* WHAT YOU WILL DO
Leaving out the pictures, write out exactly each line from the line with "MATASEMARANG.COM- Menteri Hukum" through the close of the listing below.

-------- DATA SECTION --------

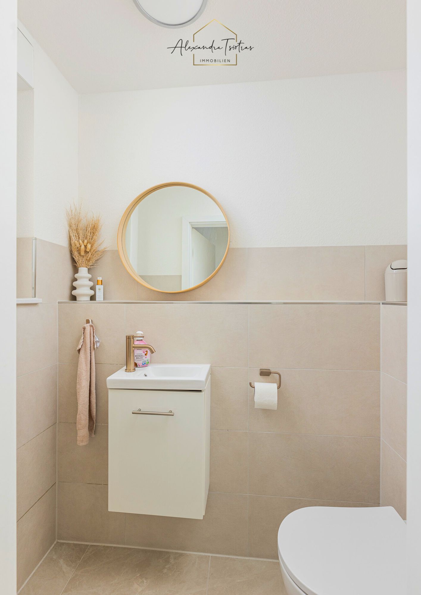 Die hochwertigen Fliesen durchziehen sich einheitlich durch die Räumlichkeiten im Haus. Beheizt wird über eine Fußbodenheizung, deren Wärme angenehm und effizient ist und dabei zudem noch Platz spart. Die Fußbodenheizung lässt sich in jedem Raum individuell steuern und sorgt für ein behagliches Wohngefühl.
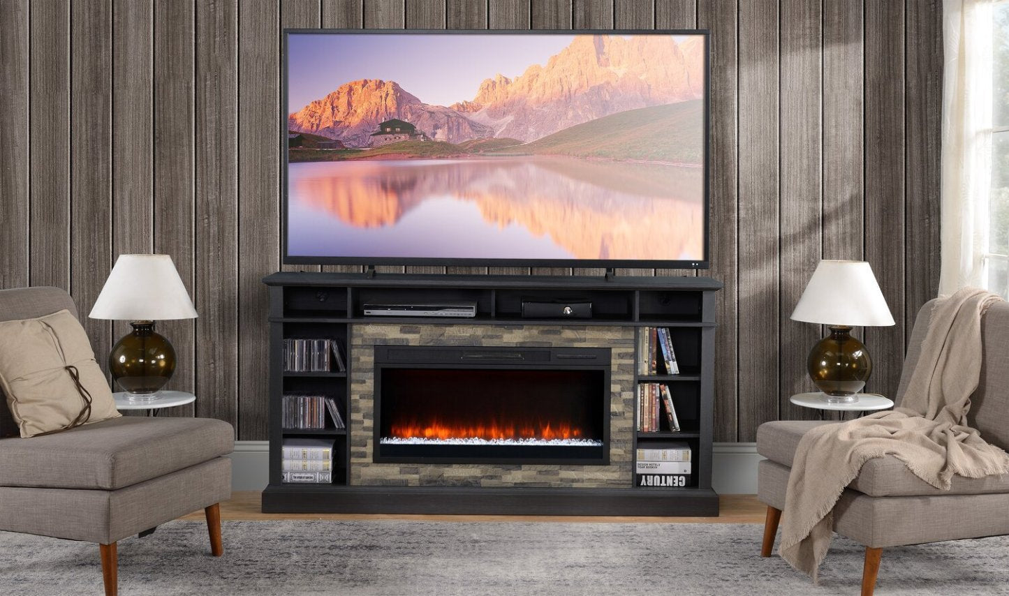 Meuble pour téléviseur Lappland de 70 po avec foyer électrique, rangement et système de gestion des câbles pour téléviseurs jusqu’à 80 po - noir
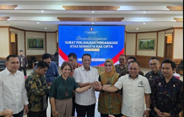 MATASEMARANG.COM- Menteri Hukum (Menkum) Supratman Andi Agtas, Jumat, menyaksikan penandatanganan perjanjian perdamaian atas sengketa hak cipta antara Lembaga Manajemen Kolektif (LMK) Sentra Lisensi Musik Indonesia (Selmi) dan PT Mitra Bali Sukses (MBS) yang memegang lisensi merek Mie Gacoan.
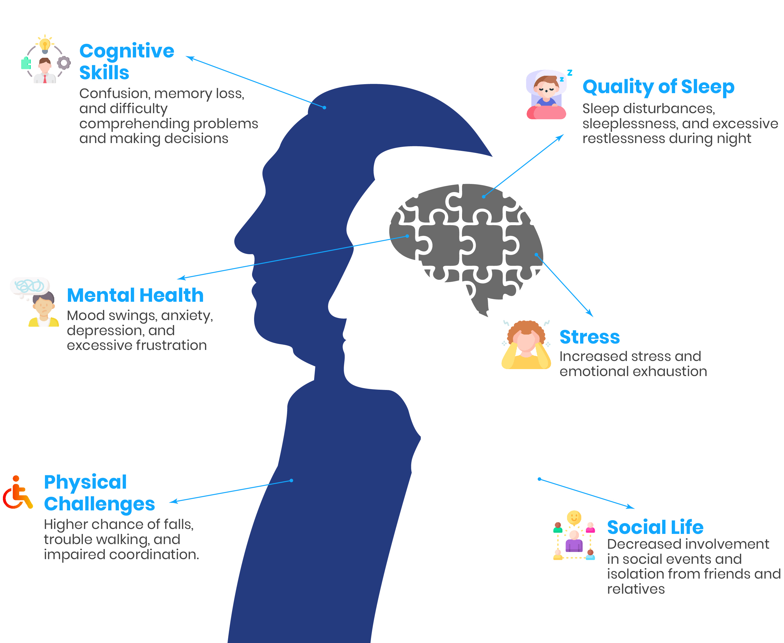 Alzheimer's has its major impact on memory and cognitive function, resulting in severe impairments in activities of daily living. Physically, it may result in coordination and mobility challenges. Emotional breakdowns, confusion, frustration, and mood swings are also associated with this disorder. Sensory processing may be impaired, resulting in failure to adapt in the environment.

--------

* FINAL ANSWER
 MATASEMARANG.COM- Menteri Hukum (Menkum) Supratman Andi Agtas, Jumat, menyaksikan penandatanganan perjanjian perdamaian atas sengketa hak cipta antara Lembaga Manajemen Kolektif (LMK) Sentra Lisensi Musik Indonesia (Selmi) dan PT Mitra Bali Sukses (MBS) yang memegang lisensi merek Mie Gacoan.
 Alzheimer's has its major impact on memory and cognitive function, resulting in severe impairments in activities of daily living. Physically, it may result in coordination and mobility challenges. Emotional breakdowns, confusion, frustration, and mood swings are also associated with this disorder. Sensory processing may be impaired, resulting in failure to adapt in the environment.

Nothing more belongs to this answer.